BEGIN INPUT DATA

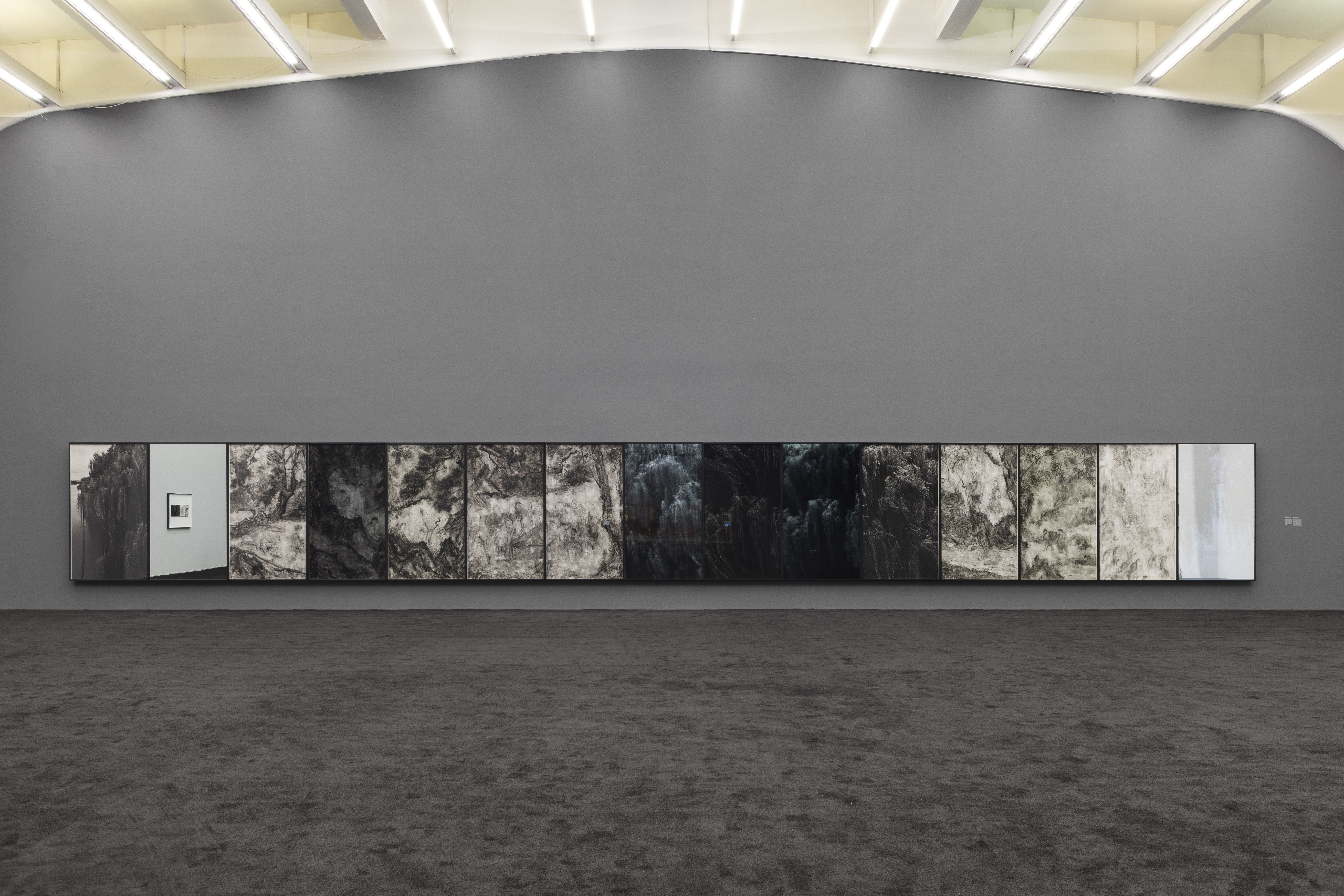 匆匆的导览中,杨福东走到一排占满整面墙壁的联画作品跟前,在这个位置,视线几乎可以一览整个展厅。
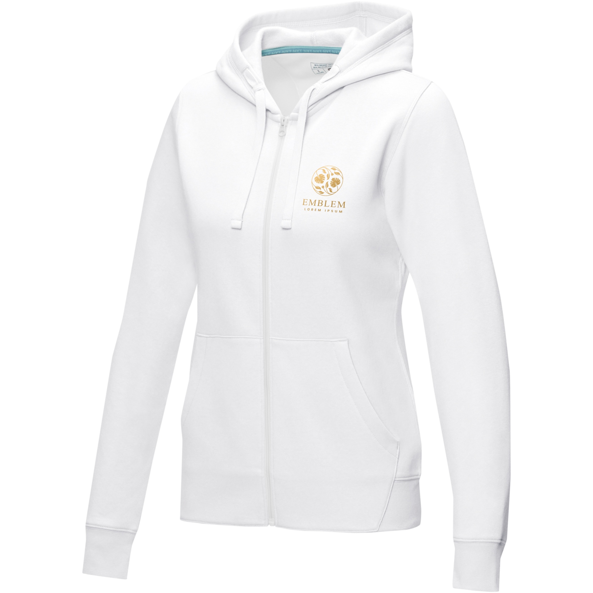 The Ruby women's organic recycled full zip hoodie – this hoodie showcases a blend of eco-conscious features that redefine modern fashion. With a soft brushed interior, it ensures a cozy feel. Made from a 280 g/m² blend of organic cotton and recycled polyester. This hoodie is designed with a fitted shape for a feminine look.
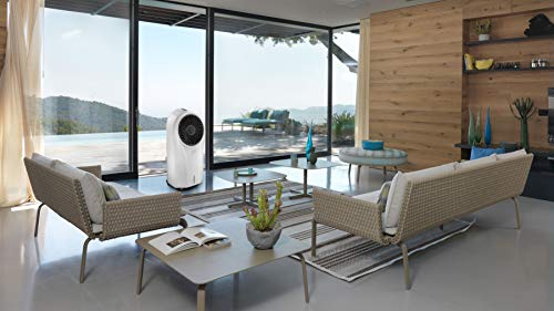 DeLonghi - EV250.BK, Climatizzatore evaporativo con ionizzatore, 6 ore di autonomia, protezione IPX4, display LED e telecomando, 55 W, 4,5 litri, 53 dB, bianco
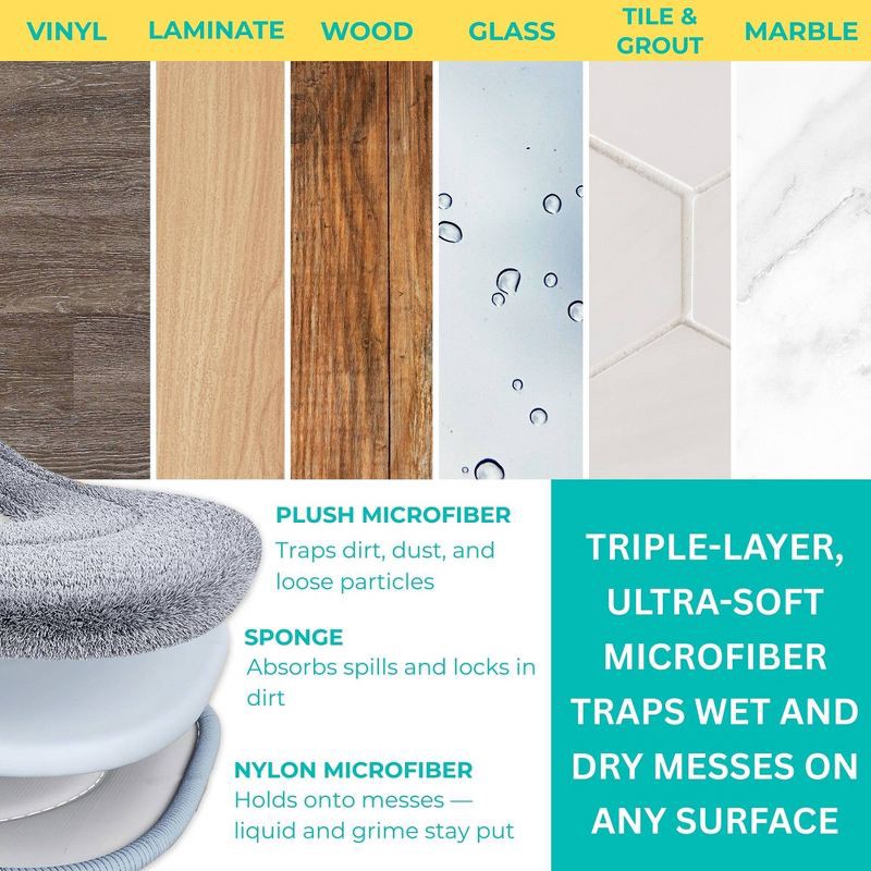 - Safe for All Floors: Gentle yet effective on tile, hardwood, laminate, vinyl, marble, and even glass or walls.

END INPUT DATA

→ **WORK TO COMPLETE**: The lines from the one that contains "DeLonghi - EV250.BK, Climatizzatore" through the end of the data, repeated exactly and with no pictures, make up the whole answer.

→ **RESULT OF THIS TASK**:
 DeLonghi - EV250.BK, Climatizzatore evaporativo con ionizzatore, 6 ore di autonomia, protezione IPX4, display LED e telecomando, 55 W, 4,5 litri, 53 dB, bianco
 - Safe for All Floors: Gentle yet effective on tile, hardwood, laminate, vinyl, marble, and even glass or walls.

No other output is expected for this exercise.